- _YOUR ASSIGNMENT_
Once the line containing "Scegliete questa stampa" is found in the records below, return it and each following line exactly, up to and including the line containing "Маникюр дизайн нежный с блёстками", and nothing else.

- _DATASET_
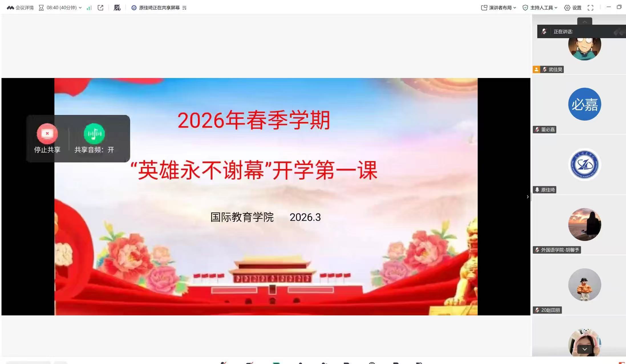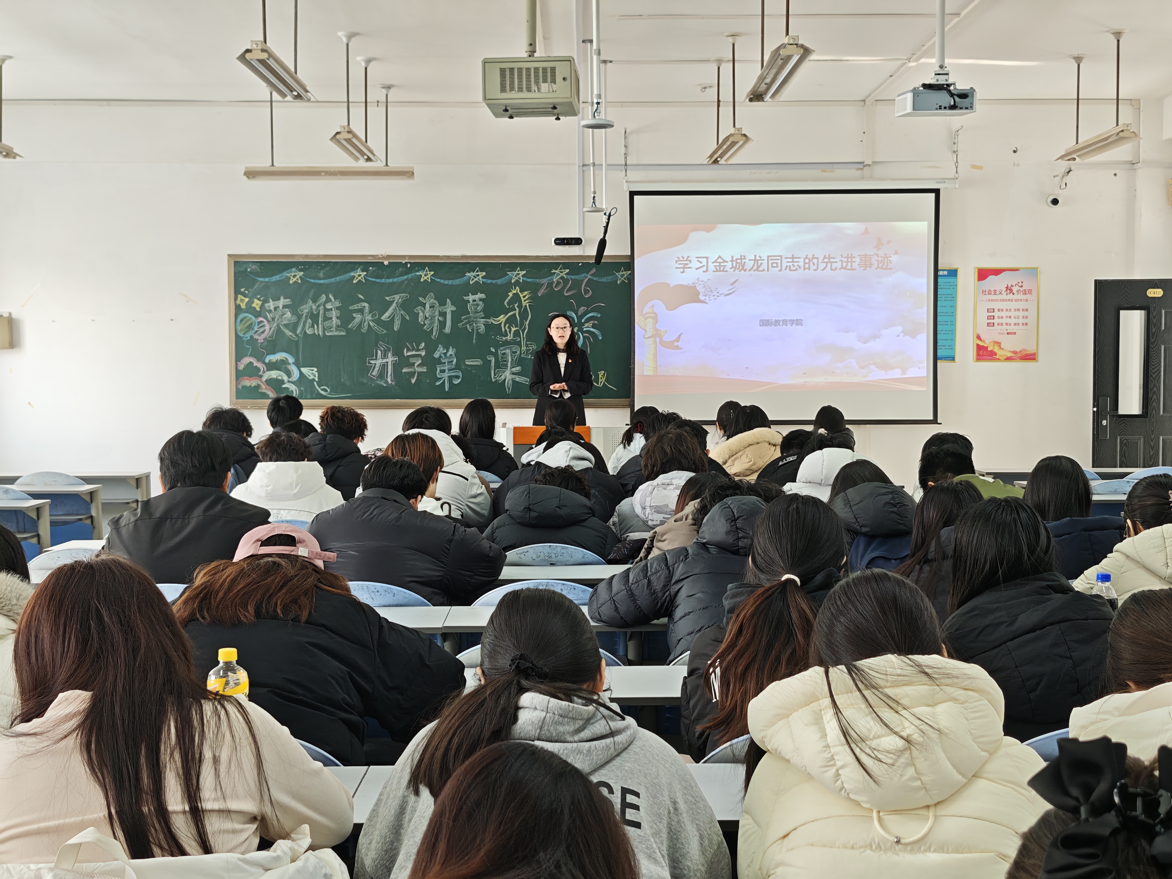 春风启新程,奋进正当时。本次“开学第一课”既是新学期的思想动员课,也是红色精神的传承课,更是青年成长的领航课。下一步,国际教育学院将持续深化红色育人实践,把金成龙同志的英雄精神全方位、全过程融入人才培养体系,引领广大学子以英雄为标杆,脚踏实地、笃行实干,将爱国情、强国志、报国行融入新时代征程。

---

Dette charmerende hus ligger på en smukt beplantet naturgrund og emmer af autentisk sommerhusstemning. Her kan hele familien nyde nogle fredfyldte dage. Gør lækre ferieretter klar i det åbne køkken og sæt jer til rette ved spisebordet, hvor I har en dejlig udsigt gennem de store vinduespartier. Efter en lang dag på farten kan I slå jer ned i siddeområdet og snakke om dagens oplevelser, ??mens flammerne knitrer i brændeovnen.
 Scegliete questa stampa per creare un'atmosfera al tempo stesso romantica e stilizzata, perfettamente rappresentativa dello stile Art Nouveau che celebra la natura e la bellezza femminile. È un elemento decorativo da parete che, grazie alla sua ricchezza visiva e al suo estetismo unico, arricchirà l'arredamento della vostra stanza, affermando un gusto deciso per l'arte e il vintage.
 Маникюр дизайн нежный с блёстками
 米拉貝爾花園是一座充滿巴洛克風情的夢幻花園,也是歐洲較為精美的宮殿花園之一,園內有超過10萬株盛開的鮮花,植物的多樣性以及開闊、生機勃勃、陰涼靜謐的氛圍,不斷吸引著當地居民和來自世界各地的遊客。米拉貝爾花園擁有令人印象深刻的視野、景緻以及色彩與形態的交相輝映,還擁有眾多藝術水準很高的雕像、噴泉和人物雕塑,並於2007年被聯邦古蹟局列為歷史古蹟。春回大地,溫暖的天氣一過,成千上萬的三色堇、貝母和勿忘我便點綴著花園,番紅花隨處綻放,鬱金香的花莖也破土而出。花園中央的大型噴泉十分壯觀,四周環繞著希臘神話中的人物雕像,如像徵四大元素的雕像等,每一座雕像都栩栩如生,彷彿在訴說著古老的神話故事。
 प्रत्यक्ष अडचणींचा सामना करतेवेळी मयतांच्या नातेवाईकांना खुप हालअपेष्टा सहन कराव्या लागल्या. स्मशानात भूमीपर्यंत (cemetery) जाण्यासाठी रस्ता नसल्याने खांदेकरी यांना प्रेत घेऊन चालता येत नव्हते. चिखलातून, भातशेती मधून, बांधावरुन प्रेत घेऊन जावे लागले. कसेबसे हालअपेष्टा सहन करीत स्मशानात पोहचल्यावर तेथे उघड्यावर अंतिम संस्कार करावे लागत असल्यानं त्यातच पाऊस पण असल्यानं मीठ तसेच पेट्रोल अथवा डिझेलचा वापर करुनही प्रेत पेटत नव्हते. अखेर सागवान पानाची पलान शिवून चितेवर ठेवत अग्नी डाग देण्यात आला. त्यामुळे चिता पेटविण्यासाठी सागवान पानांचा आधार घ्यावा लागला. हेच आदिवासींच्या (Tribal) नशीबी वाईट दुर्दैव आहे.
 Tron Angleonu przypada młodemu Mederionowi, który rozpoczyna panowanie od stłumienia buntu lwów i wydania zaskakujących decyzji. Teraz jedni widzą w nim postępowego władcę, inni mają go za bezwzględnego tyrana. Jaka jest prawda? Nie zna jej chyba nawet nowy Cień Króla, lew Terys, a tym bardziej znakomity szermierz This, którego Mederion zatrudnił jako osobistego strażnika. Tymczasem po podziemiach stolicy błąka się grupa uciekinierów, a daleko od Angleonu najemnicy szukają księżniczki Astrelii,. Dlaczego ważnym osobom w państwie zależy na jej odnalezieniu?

* * *

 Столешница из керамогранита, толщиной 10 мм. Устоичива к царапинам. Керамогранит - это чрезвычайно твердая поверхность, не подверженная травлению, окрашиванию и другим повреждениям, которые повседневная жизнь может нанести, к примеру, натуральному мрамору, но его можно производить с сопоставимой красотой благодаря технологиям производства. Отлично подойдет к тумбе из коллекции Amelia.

- _ANSWER FOR THIS EXERCISE_
 Scegliete questa stampa per creare un'atmosfera al tempo stesso romantica e stilizzata, perfettamente rappresentativa dello stile Art Nouveau che celebra la natura e la bellezza femminile. È un elemento decorativo da parete che, grazie alla sua ricchezza visiva e al suo estetismo unico, arricchirà l'arredamento della vostra stanza, affermando un gusto deciso per l'arte e il vintage.
 Маникюр дизайн нежный с блёстками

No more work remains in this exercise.